#### Exercise goal:
Return only the lines of the data below from the line with "Each artistic rendition" up to and including the line with "나의 경우 서울이 생활", exactly as written, with the pictures omitted.

#### Extracted information:
══════════════════════════════

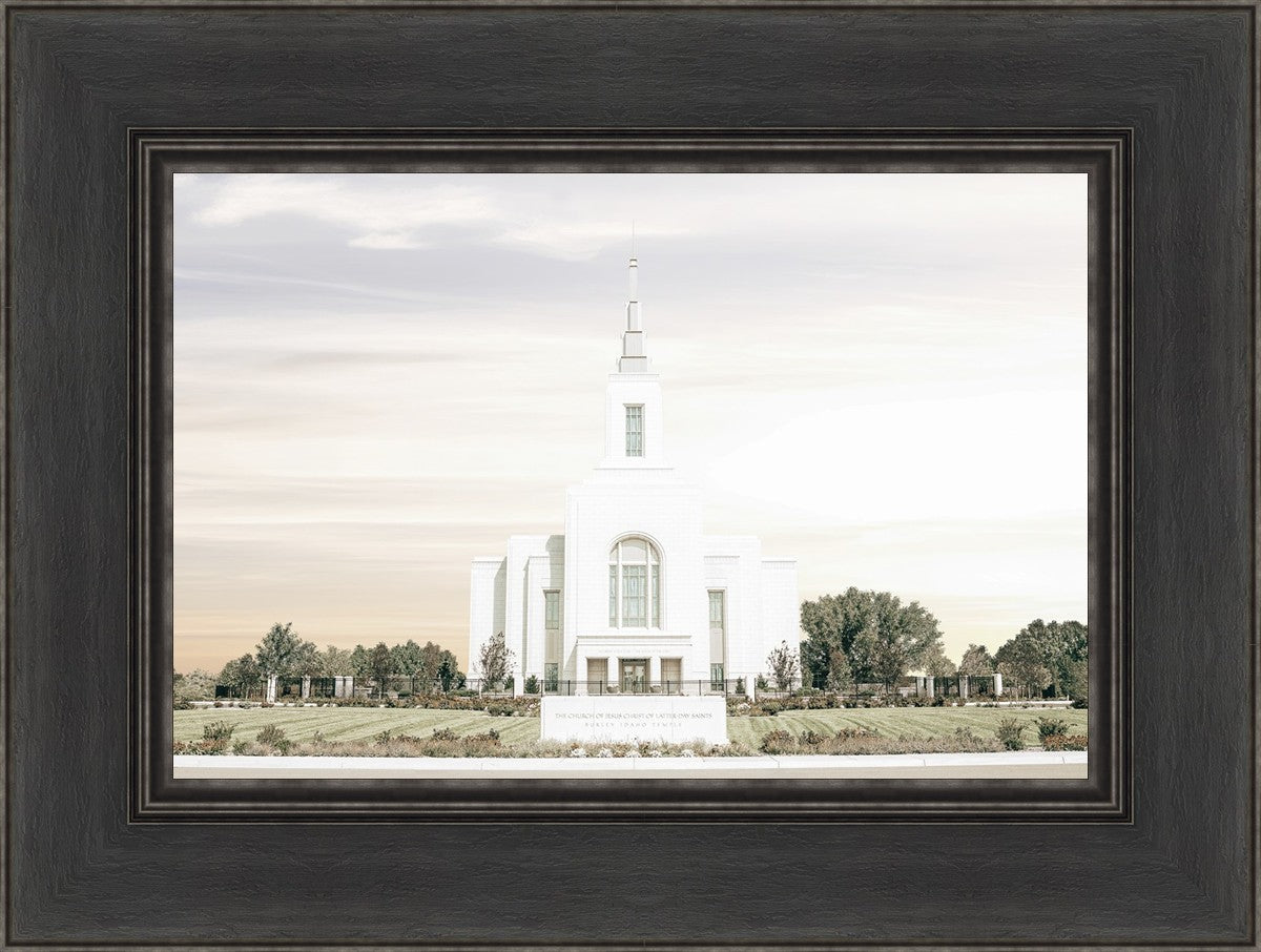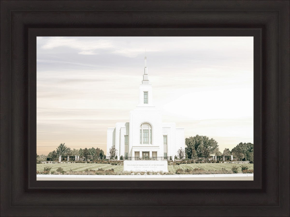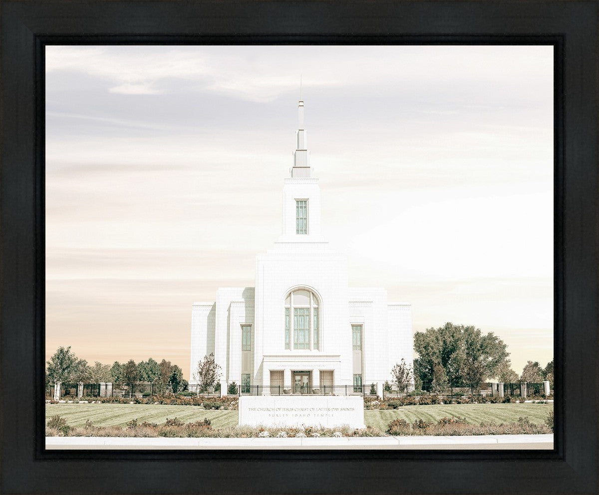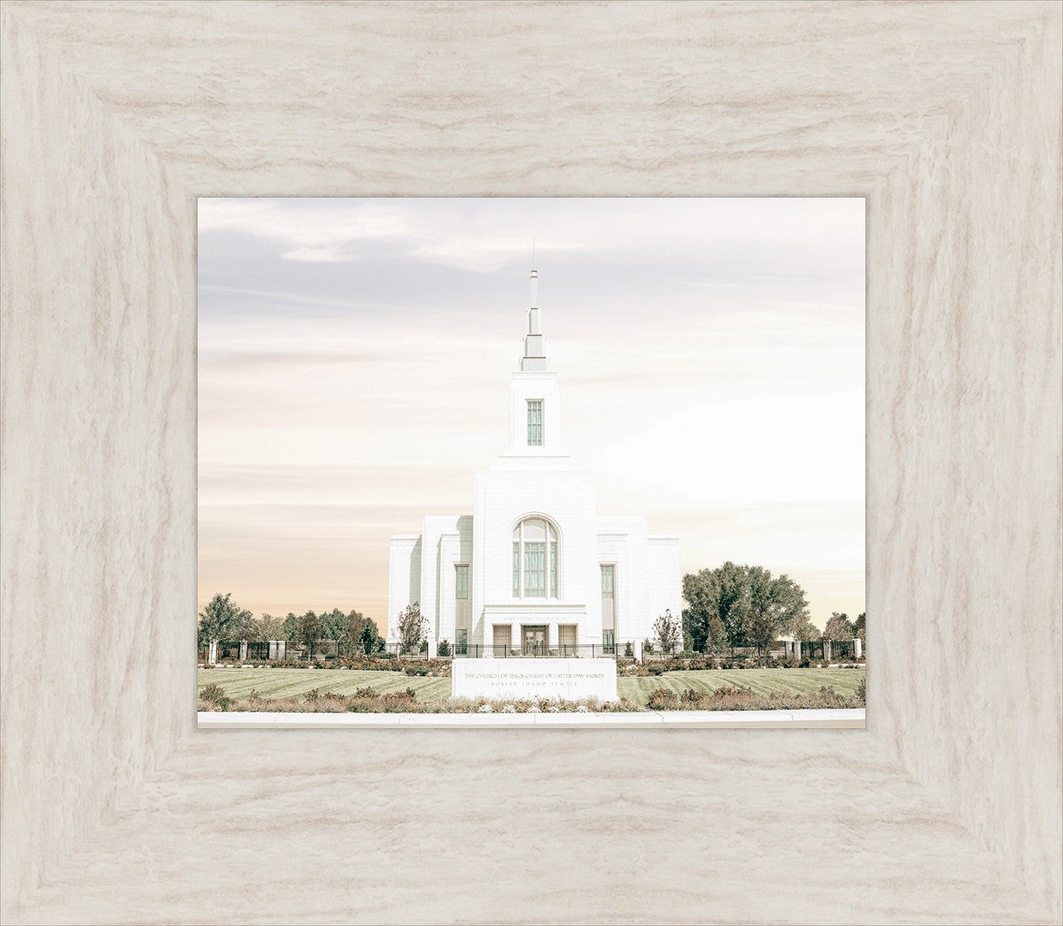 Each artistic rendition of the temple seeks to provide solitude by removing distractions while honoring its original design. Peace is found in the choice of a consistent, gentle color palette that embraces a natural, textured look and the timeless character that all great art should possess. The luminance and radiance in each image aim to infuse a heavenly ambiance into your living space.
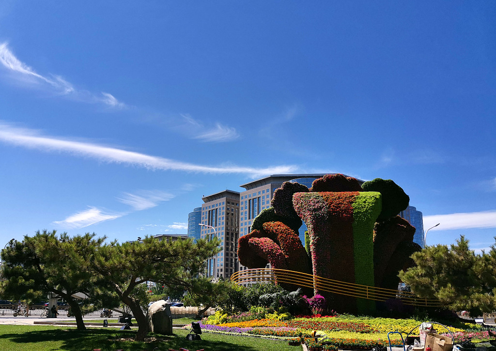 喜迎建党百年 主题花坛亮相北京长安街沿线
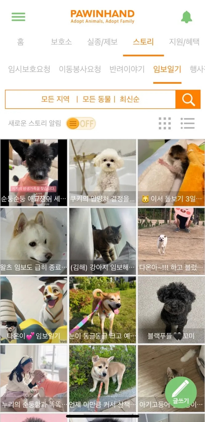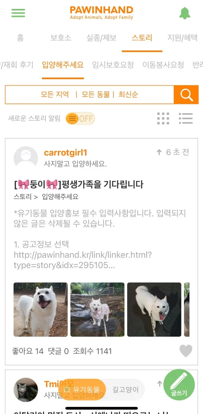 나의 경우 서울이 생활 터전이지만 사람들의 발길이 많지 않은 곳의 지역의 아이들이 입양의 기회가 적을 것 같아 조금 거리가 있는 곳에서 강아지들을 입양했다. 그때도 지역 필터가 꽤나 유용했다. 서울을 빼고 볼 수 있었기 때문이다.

══════════════════════════════

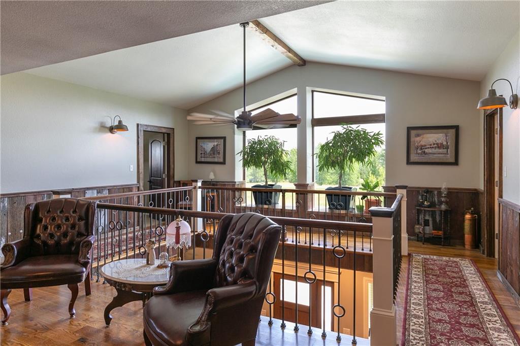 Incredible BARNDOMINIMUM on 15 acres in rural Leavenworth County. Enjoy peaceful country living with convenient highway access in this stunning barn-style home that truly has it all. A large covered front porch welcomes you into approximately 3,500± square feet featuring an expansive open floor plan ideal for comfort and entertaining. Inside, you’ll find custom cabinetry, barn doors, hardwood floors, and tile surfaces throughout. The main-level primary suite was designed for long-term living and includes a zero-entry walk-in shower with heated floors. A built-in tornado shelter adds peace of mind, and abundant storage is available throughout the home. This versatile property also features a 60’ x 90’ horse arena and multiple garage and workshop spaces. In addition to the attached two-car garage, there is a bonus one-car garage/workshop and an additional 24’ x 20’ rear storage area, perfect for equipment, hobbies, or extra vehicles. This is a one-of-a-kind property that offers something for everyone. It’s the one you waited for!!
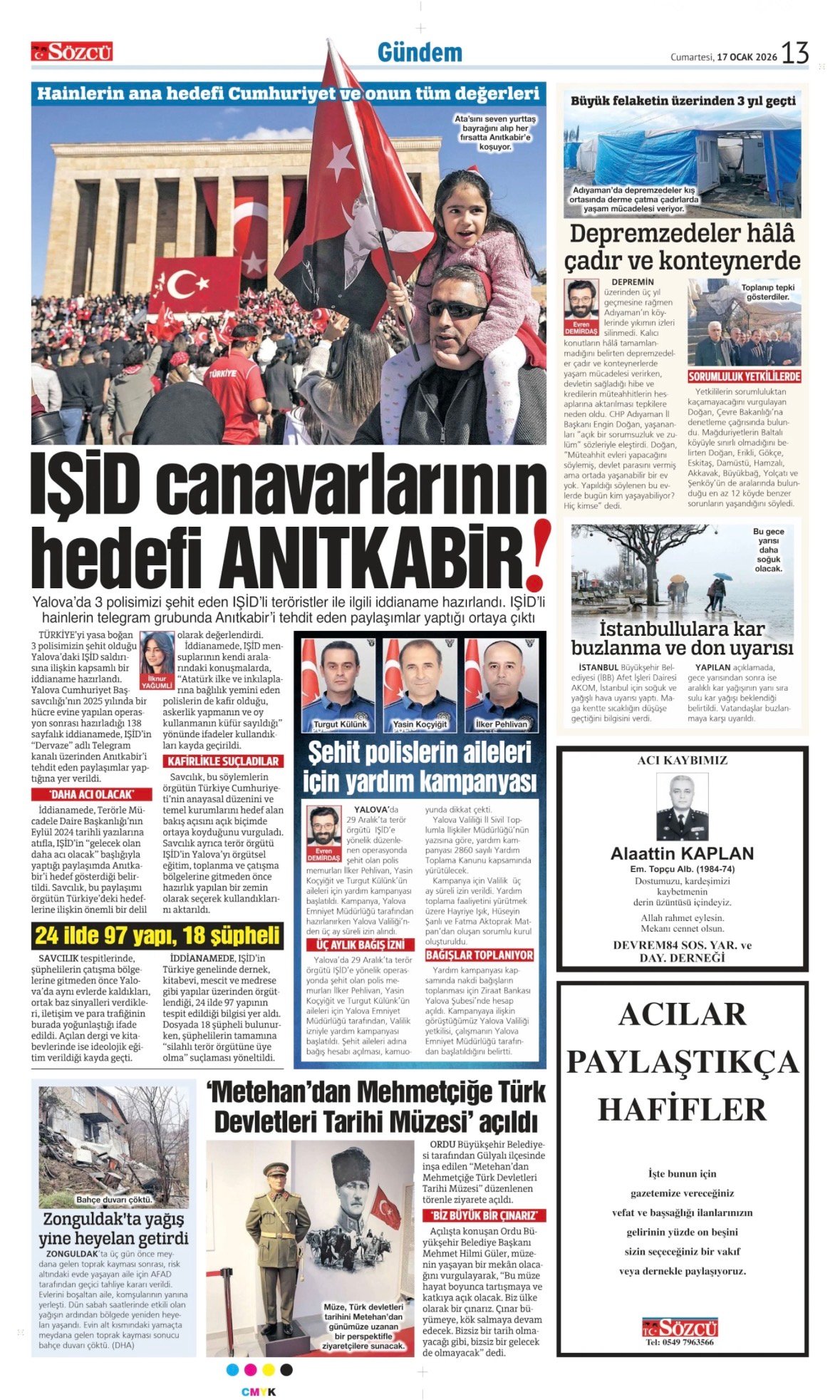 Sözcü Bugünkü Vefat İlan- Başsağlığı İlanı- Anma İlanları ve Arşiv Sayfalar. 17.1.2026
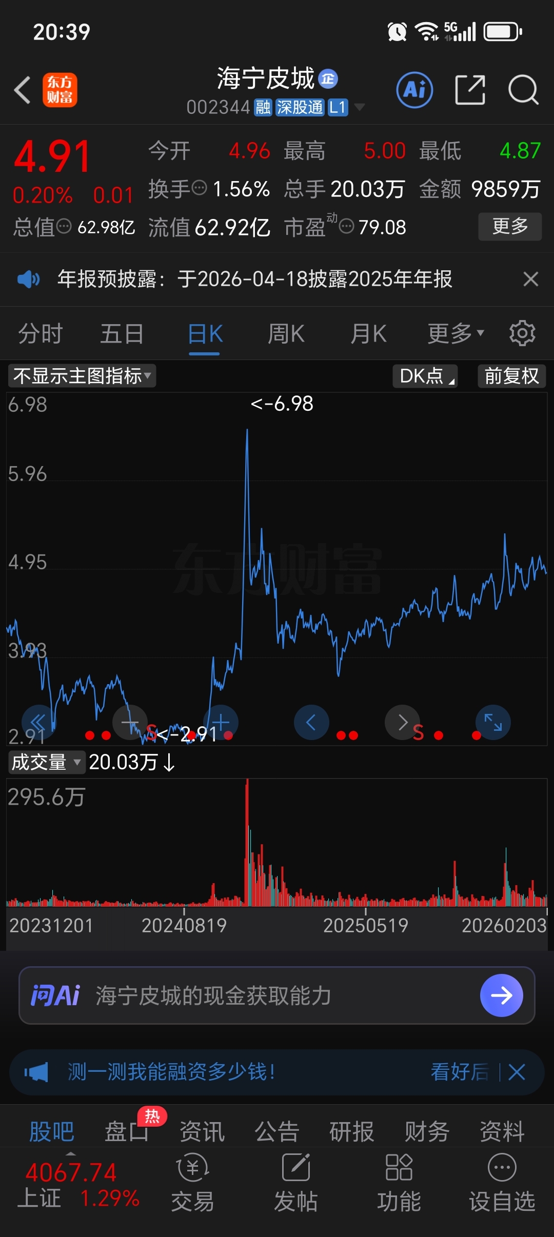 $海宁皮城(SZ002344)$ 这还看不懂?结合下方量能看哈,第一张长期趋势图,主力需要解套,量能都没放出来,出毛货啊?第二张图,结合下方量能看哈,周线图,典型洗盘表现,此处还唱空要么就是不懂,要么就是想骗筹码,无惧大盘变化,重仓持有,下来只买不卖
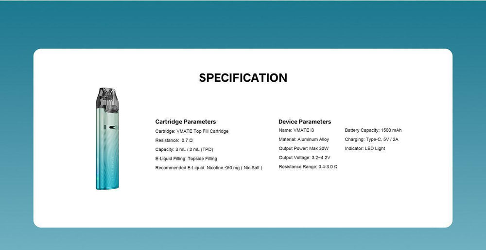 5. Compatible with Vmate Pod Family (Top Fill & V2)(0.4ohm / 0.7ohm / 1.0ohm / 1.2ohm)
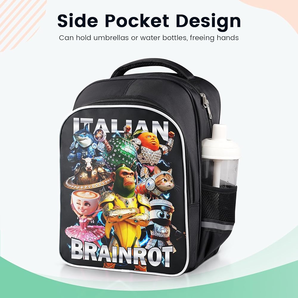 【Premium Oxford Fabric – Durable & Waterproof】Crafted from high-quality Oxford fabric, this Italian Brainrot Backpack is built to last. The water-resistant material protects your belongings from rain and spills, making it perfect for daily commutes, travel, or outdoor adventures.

══════════════════════════════

#### The completed task:
 Each artistic rendition of the temple seeks to provide solitude by removing distractions while honoring its original design. Peace is found in the choice of a consistent, gentle color palette that embraces a natural, textured look and the timeless character that all great art should possess. The luminance and radiance in each image aim to infuse a heavenly ambiance into your living space.
 喜迎建党百年 主题花坛亮相北京长安街沿线
 나의 경우 서울이 생활 터전이지만 사람들의 발길이 많지 않은 곳의 지역의 아이들이 입양의 기회가 적을 것 같아 조금 거리가 있는 곳에서 강아지들을 입양했다. 그때도 지역 필터가 꽤나 유용했다. 서울을 빼고 볼 수 있었기 때문이다.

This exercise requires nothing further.